Известно, что последнее описание настоящей Анастасии, когда она покидала Тобольск, содержало: «толстенькая» и «изрядно толстенькая».
Имеются также проблемы с показаниями Пьера Жильяра. Он посетил Анну Андерсон в 1925 году, и позже написал книгу, дискредитирующую ее, названную «ЛжеАнастасия». Он утверждал, что она говорила только по-немецки, язык настоящей Анастасии, русский, якобы не знала совсем, и что она не узнала фотографии старых икон, которые находились в Царском Селе. Он посмеялся над рассказом претендентки о комнате в одном из дворцов, отделанной малахитом. Про это Жильяр говорил, что это «чистая фантазия». Но это фантазировал сам Жильяр.

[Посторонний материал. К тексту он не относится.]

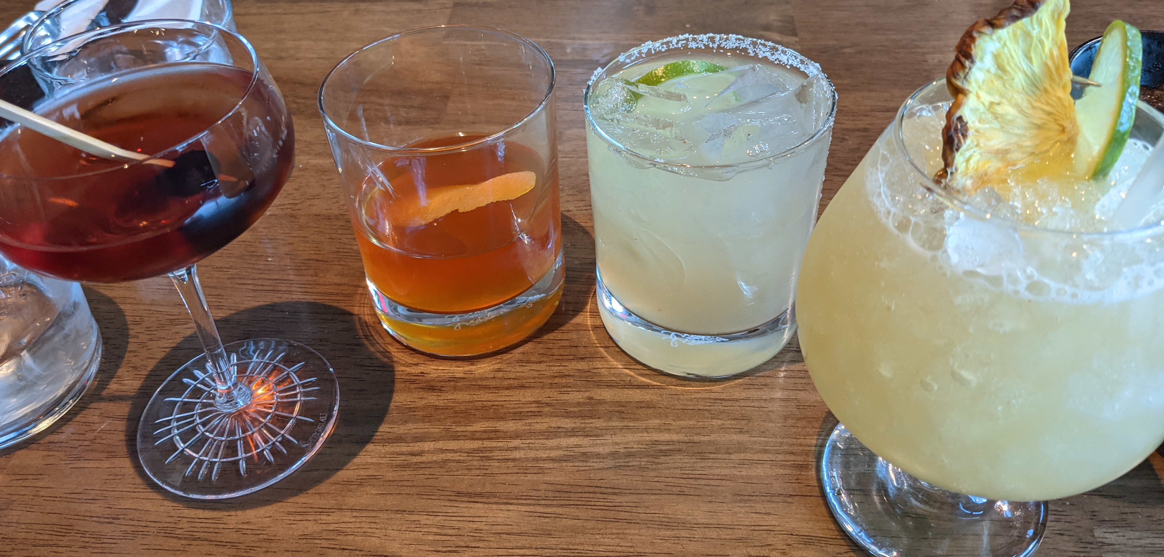 Left to right: my husband’s mezcal Manhattan (herbal, bitter, light smoke and spice), my FIL’s flor de luna (strong but surprisingly not a ton of the Laphroaig flavor came through), my MIL’s standard margarita (impossible to mess up), and my [not to scale, please don’t worry for my liver] La Mula, which just feels like something I should be drinking in the jungle treehouse in Belize where we got married. So far, so good. The chips and salsa are also recommended–fresh chips with tangy salsa verde, a big pot of smoky dip, and a spicy roja.

Два года спустя после его смерти в 1962 году, были восстановлены школьные записи Великих княжон Романовых и представлены в суде. Обнаружилось, что все девушки знали немецкий язык. Другой документ, найденный среди собственных бумаг Жильяра — записи, написанные в Тобольске, из которых следует, что Анастасия получала по два немецких письма в неделю.
Что касается «малахитовой комнаты», прежний руководитель судебного архива посвятил ей целую главу в своих мемуарах, опубликованных годы спустя после того, как претендентка объявилась. Комната использовалась императорским семейством для сбора перед выходом на какой-либо прием, так что Жильяр мог о ней и не знать. Великий князь Андрей так отозвался о преподавателе Романовых в 1927 году: «Жильяр показал себя мелким лжецом, не понимавшим, что его собственная ложь обернется против него».
В другой раз Великий князь отмечал, что Жильяр проводил много времени в доме брата царицы и получал оттуда указания. Он предполагал, что Жильяр был частью «хорошей организованной интриги». Великий князь Гессенский был главным врагом и последовательным противником Анастасии. Но его роль может быть более загадочна, чем загадка самой Анастасии. Он никогда не видел претендентку, но его сестра Ирена написала после посещения ее в 1922 году: «Я увидела сразу, что она не могла быть ни одной из моих Племянниц. Хотя я и не видела их в течение девяти лет, главные черты не могли измениться так сильно, особенно форма ушей, глаза и т. п»..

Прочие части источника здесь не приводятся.